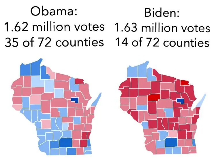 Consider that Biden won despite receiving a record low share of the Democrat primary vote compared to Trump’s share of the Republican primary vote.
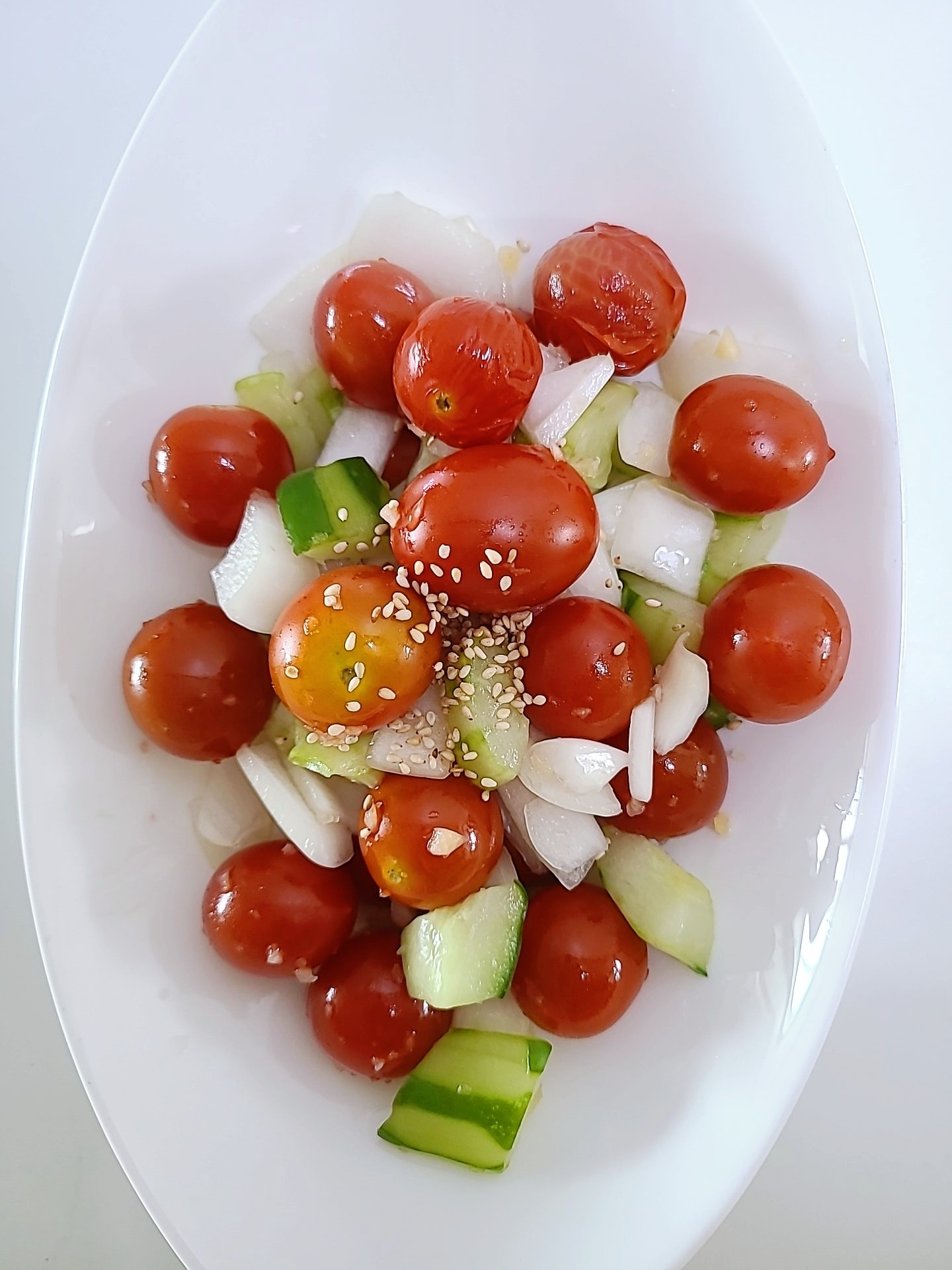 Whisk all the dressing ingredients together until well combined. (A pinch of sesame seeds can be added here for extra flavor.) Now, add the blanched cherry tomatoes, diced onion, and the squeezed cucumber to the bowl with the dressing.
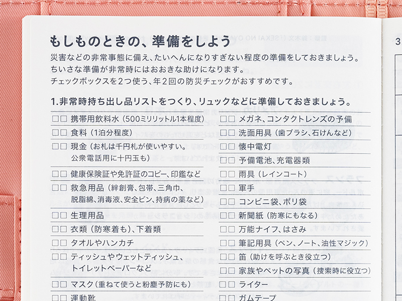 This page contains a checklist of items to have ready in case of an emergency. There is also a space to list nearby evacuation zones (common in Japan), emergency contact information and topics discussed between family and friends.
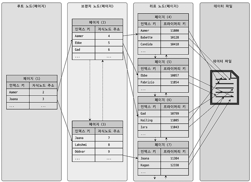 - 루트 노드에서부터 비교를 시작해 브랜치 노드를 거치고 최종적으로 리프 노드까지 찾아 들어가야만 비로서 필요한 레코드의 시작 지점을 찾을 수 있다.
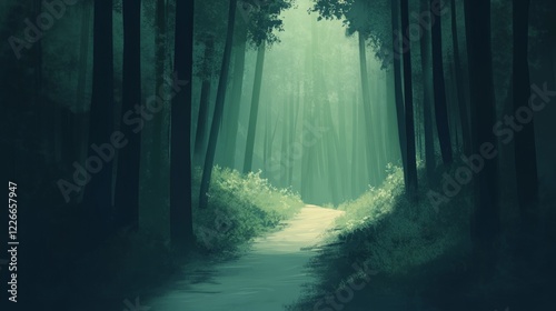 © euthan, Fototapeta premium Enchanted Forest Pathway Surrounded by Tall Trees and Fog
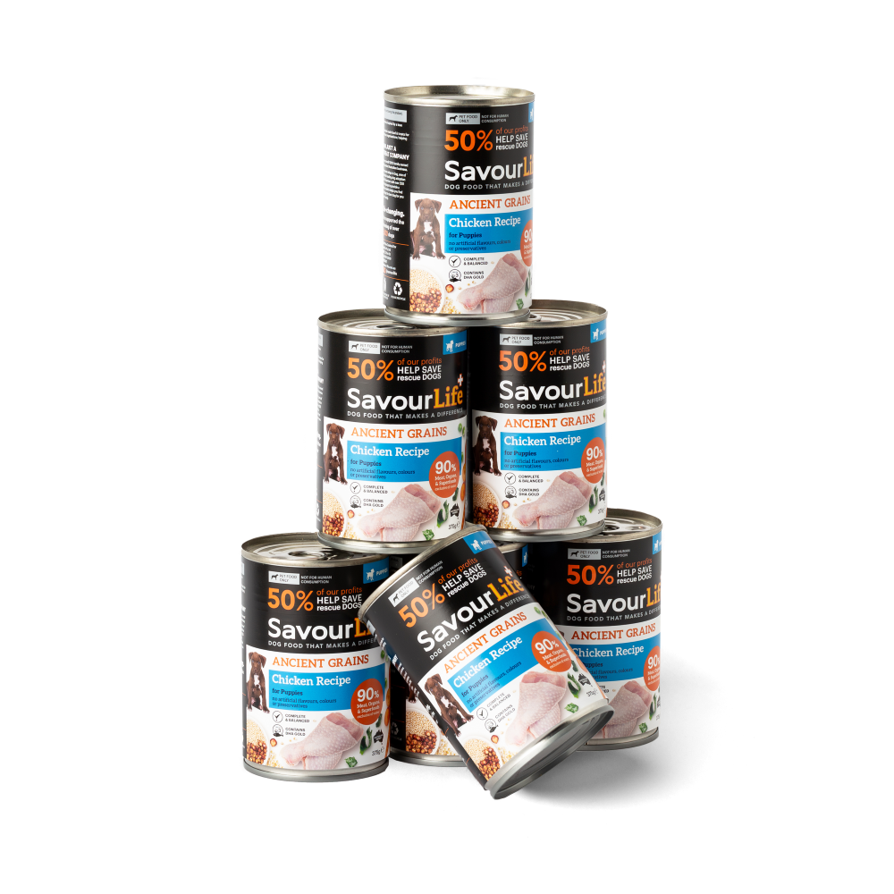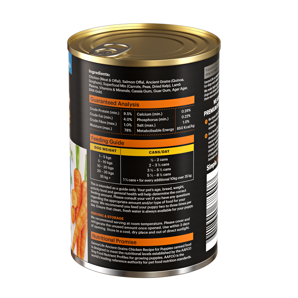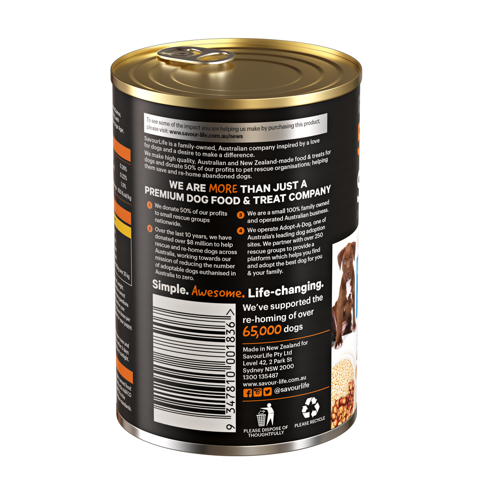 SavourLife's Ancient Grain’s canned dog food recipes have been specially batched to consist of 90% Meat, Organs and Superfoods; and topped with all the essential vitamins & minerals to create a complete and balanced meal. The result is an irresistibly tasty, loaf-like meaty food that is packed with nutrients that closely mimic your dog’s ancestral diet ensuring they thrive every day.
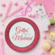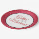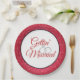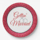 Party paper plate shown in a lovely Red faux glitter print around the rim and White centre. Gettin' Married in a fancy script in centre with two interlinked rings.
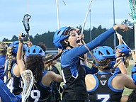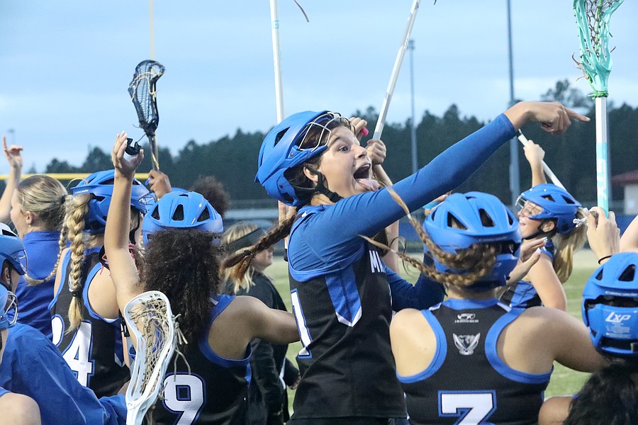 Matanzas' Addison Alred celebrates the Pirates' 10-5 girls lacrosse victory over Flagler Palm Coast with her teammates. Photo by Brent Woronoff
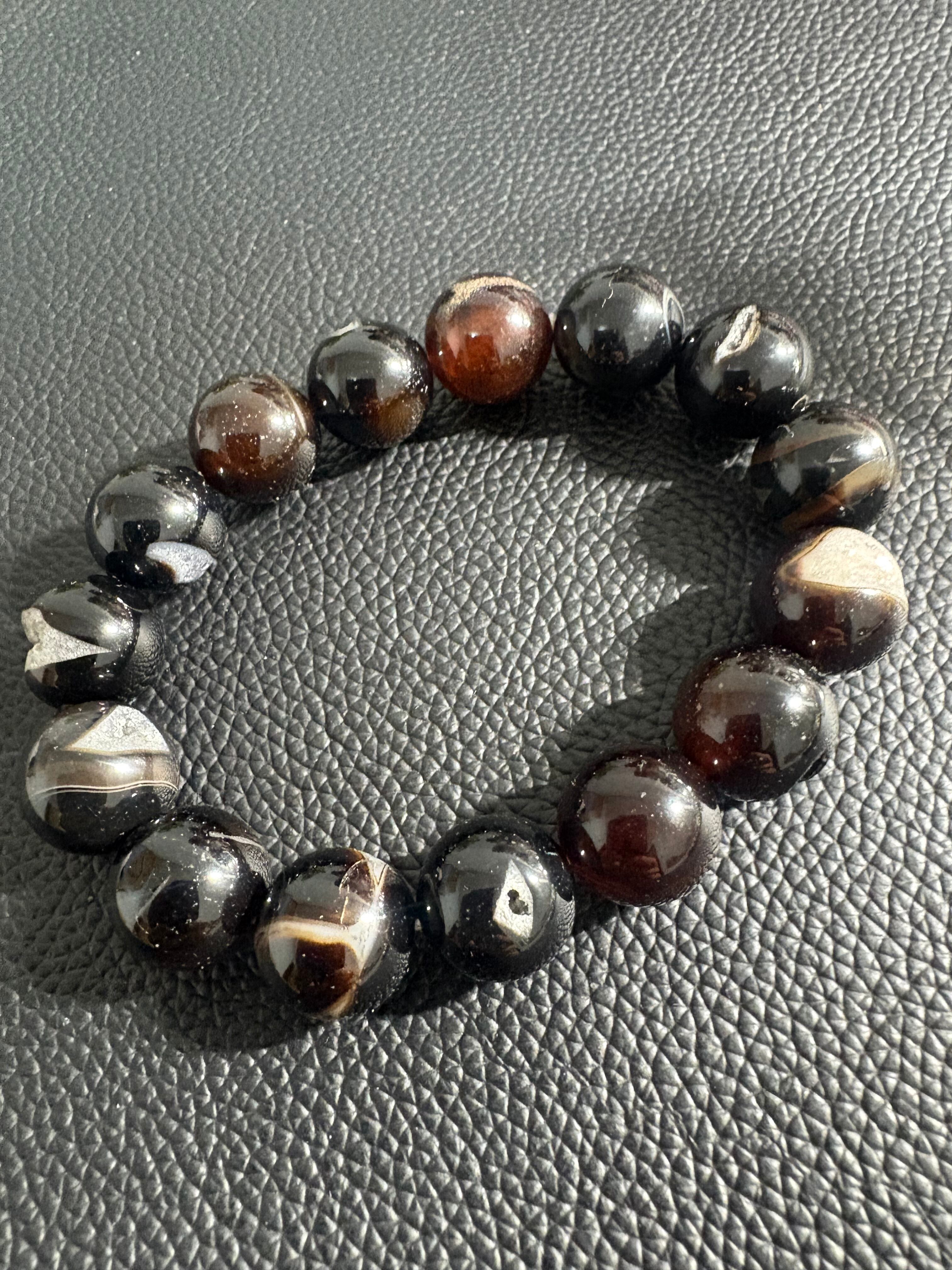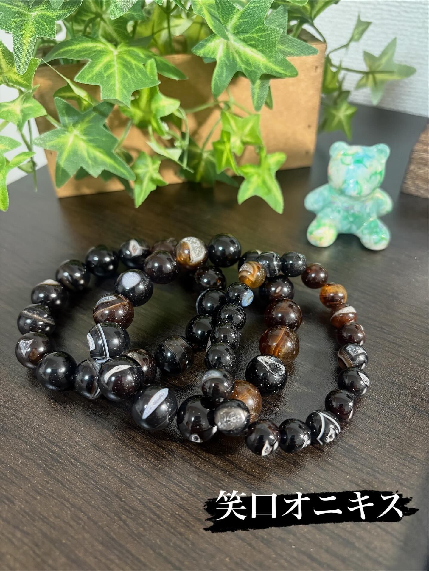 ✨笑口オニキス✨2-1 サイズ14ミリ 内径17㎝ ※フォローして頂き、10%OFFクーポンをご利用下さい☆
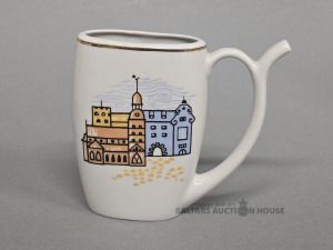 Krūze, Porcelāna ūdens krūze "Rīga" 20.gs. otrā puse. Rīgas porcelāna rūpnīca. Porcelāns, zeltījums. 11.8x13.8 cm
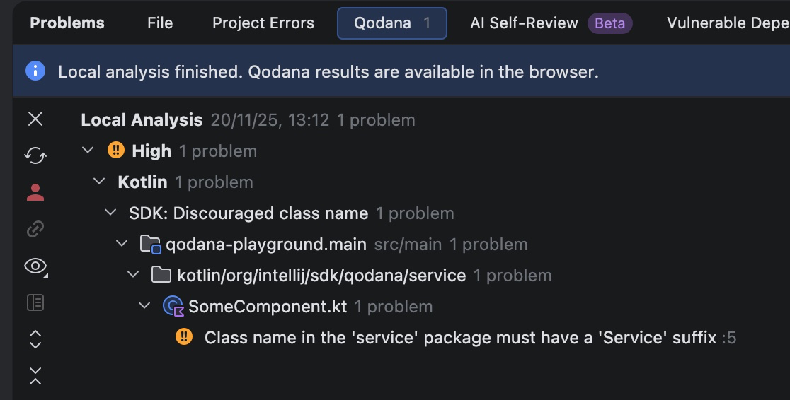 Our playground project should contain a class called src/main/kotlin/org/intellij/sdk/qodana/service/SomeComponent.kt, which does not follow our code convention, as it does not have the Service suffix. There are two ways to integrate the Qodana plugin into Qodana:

============

▶ _WHAT THE TASK REQUIRES_
Would you copy, exactly, each line from the start of the listing above through the line with "Krūze, Porcelāna ūdens", both ends included, but none of the pictures?

▶ _ANSWER BOX_
 Consider that Biden won despite receiving a record low share of the Democrat primary vote compared to Trump’s share of the Republican primary vote.
 Whisk all the dressing ingredients together until well combined. (A pinch of sesame seeds can be added here for extra flavor.) Now, add the blanched cherry tomatoes, diced onion, and the squeezed cucumber to the bowl with the dressing.
 This page contains a checklist of items to have ready in case of an emergency. There is also a space to list nearby evacuation zones (common in Japan), emergency contact information and topics discussed between family and friends.
 - 루트 노드에서부터 비교를 시작해 브랜치 노드를 거치고 최종적으로 리프 노드까지 찾아 들어가야만 비로서 필요한 레코드의 시작 지점을 찾을 수 있다.
 © euthan, Fototapeta premium Enchanted Forest Pathway Surrounded by Tall Trees and Fog
 SavourLife's Ancient Grain’s canned dog food recipes have been specially batched to consist of 90% Meat, Organs and Superfoods; and topped with all the essential vitamins & minerals to create a complete and balanced meal. The result is an irresistibly tasty, loaf-like meaty food that is packed with nutrients that closely mimic your dog’s ancestral diet ensuring they thrive every day.
 Party paper plate shown in a lovely Red faux glitter print around the rim and White centre. Gettin' Married in a fancy script in centre with two interlinked rings.
 Matanzas' Addison Alred celebrates the Pirates' 10-5 girls lacrosse victory over Flagler Palm Coast with her teammates. Photo by Brent Woronoff
 ✨笑口オニキス✨2-1 サイズ14ミリ 内径17㎝ ※フォローして頂き、10%OFFクーポンをご利用下さい☆
 Krūze, Porcelāna ūdens krūze "Rīga" 20.gs. otrā puse. Rīgas porcelāna rūpnīca. Porcelāns, zeltījums. 11.8x13.8 cm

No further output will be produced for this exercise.